Objective: This study aimed to describe the clinical features, associated extragenital anomalies, and management of Mayer- Rokitansky-Küster-Hauser (MRKH) syndrome in a Thai population.
Methods: This retrospective study analyzed the medical records of 96 patients with MRKH syndrome diagnosed and treated at a university hospital and tertiary referral center in southern Thailand between 2000 and 2022.

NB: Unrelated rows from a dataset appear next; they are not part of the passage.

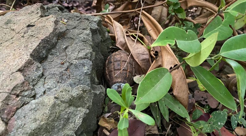 Aceh Besar – Safrizal (29) bersama temannya Bactiar Razali (40) menemukan benda bermotif kotak – kotak diduga kuat granat tangan jenis nanas di pinggir pagar kebun di Gampong Durung, Kecamatan Mesjid Raya, Aceh Besar, Kamis (27/4/2023).
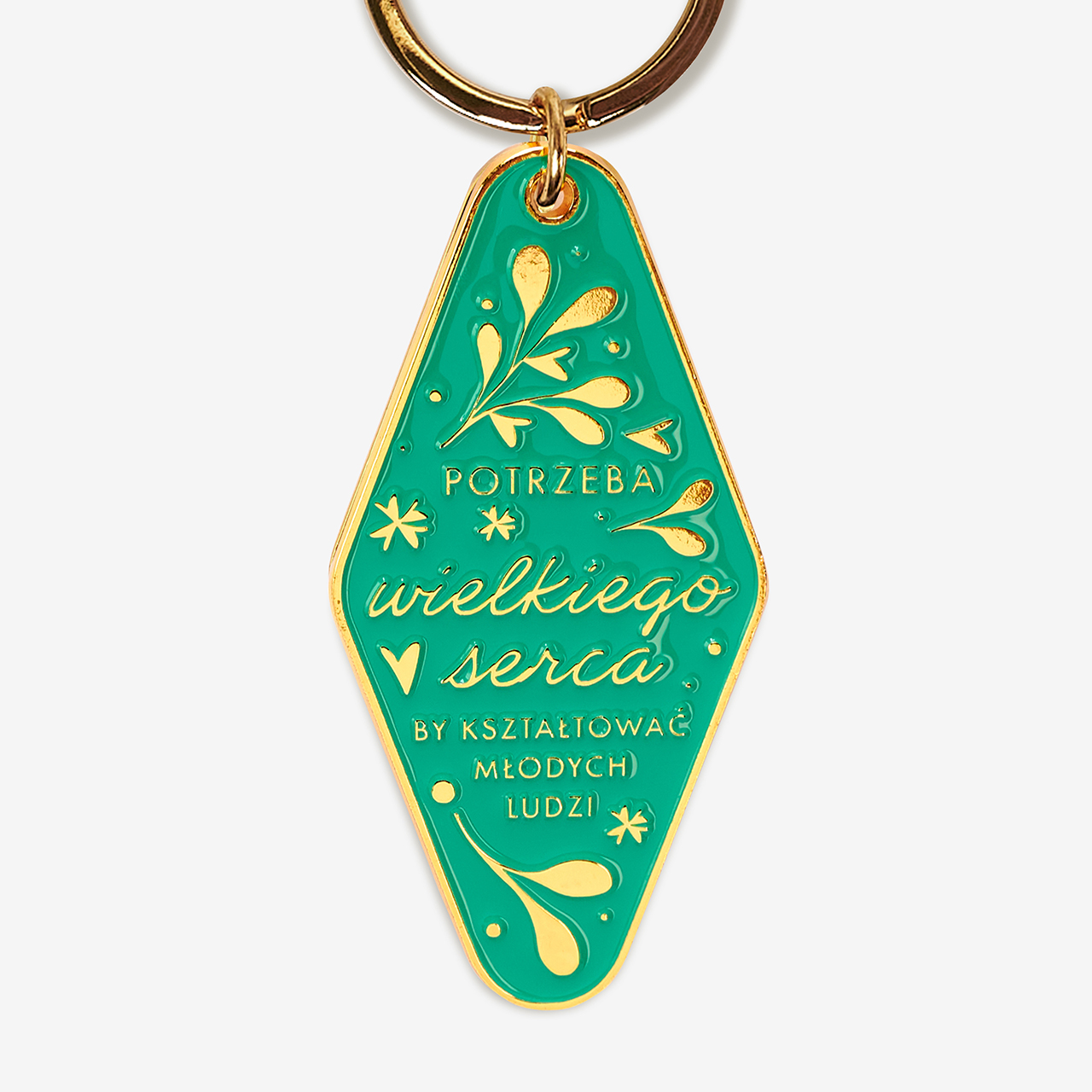Brelok WIELKIE SERCE to elegancki drobiazg, który pokazuje wdzięczność za pracę nauczyciela. Zielona baza ze złotymi akcentami sprawia, że prezent wygląda stylowo i przyciąga wzrok. Napis podkreśla, jak ważną rolę odgrywa nauczyciel w życiu młodych ludzi. To upominek na Dzień Nauczyciela pełen emocji, który z pewnością wzruszy i ucieszy obdarowaną osobę.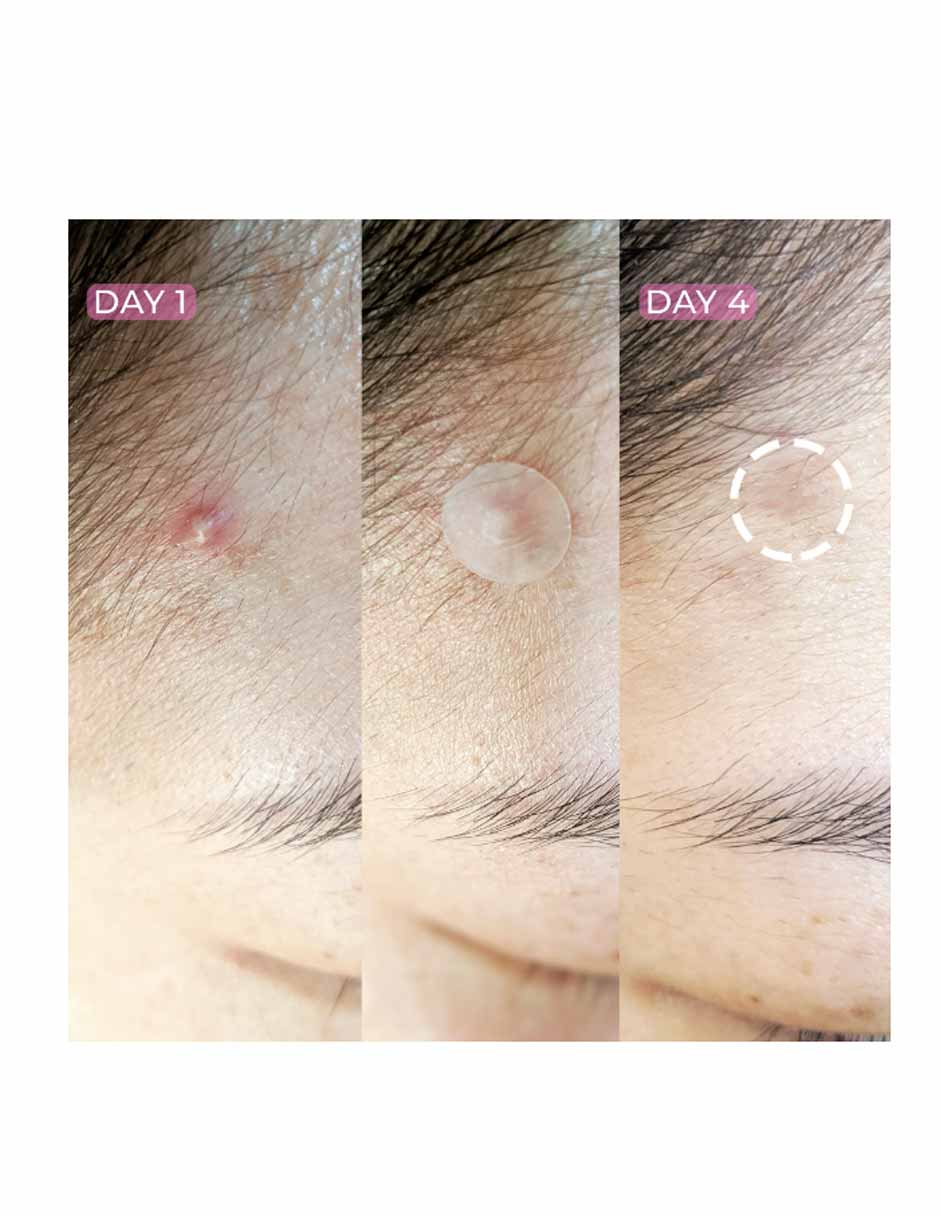 Absorbe el pus, el aceite y las impurezas de la piel y se puede usar de día o de noche en el mismo lugar hasta 8 horas sin irritación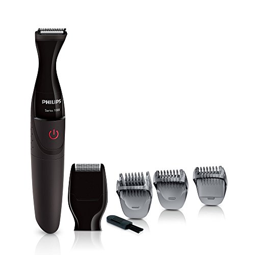 Precise edges and contours 3 precision combs Detail shaver attachment DualCut precision trimmer Fully washable, AA battery The Philips MULTIGROOM Series 1000 provides power and precision for trimming, shaping and shaving facial hair. Trim and shape your beard evenly with the advanced DualCut trimmer and the combs. Define precise lines, edges and contours with the detail shaver. Detail trimmer for perfect facial details The 21-mm precision trimmer helps you trim evenly and shape your facial style (stubble, goatee, sideburns, neckline or moustache) with great control and visibility. Sharper blades* for perfect edging with DualCut technology Advanced DualCut Technology combines a double-sharpened cutting element with low-friction engineering. Detail shaver for perfect lines and contours The skin-friendly 21-mm detail foil shaver is designed to fit into small spaces with more precision than a blade, for a clean shave even in hard-to-reach areas. 3 precision combs for an even trim of facial hair Trim and maintain the uniform length of your stubble, beard, goatee, sideburns and moustache with the 1-mm, 3-mm and 5-mm click-on precision combs. Fully washable The trimmer and the combs are easy to clean under the tap and can be used in the shower. Brush for easy cleaning of the precision trimmer The brush keeps the blade clean after use. Easy hold and control, even when wet The soft-touch rubber grip gives you the best hold, even when wet, for better control when you operate your trimmer. 2-year guarantee All of our grooming products are built to last. The trimmer comes with a 2-year guarantee and is compatible with voltages worldwide The blades never need to be oiled No need to oil ever, for easy maintenance.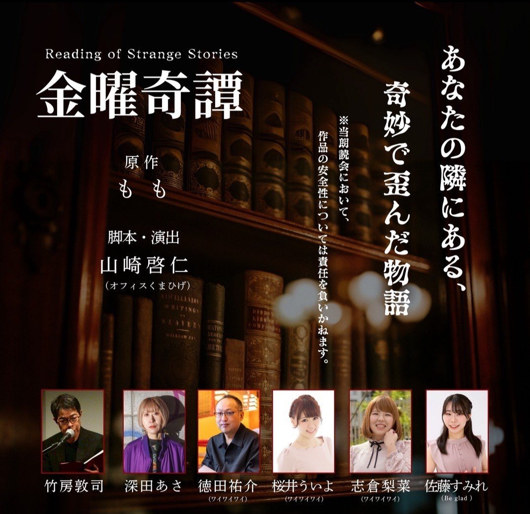休憩挟んでトータル2時間ぐらいのイベントなのですが、『金曜奇譚』のほかに短編を3作やらせていただくことになってまして。

Results: The study included 96 patients with MRKH syndrome. The most common symptom was primary amenorrhea (88.5%), followed by difficulty or inability to engage in sexual intercourse (9.4%) and pelvic mass (2.1%). Notably, 80.3% of the patients did not have extragenital malformations and were diagnosed with MRKH type I (typical form), whereas 19.7% were categorized as MRKH type II (atypical form). Skeletal malformations were the most frequent extragenital anomalies and were present in 19.5% of patients, with scoliosis being the most common skeletal condition. Other extragenital malformations included renal (8.5%) and neurological (1.0%) abnormalities. Clinical vaginal examination revealed complete atresia in 21.8% and vaginal hypoplasia (median vaginal length, 3 cm) in 78.2% of the patients. Half of the patients did not receive treatment because they had not engaged in sexual intercourse. In this cohort, 41.7% of the patients had no difficulty performing sexual intercourse. Hence, self-dilation therapy or concomitant dilation was recommended. Only eight patients (8.3%) underwent surgical reconstruction of the vagina.
Conclusion: This study confirmed the complexity and heterogeneity of the phenotypic manifestations of MRKH, including the degree of vaginal atresia and types and rates of associated malformations.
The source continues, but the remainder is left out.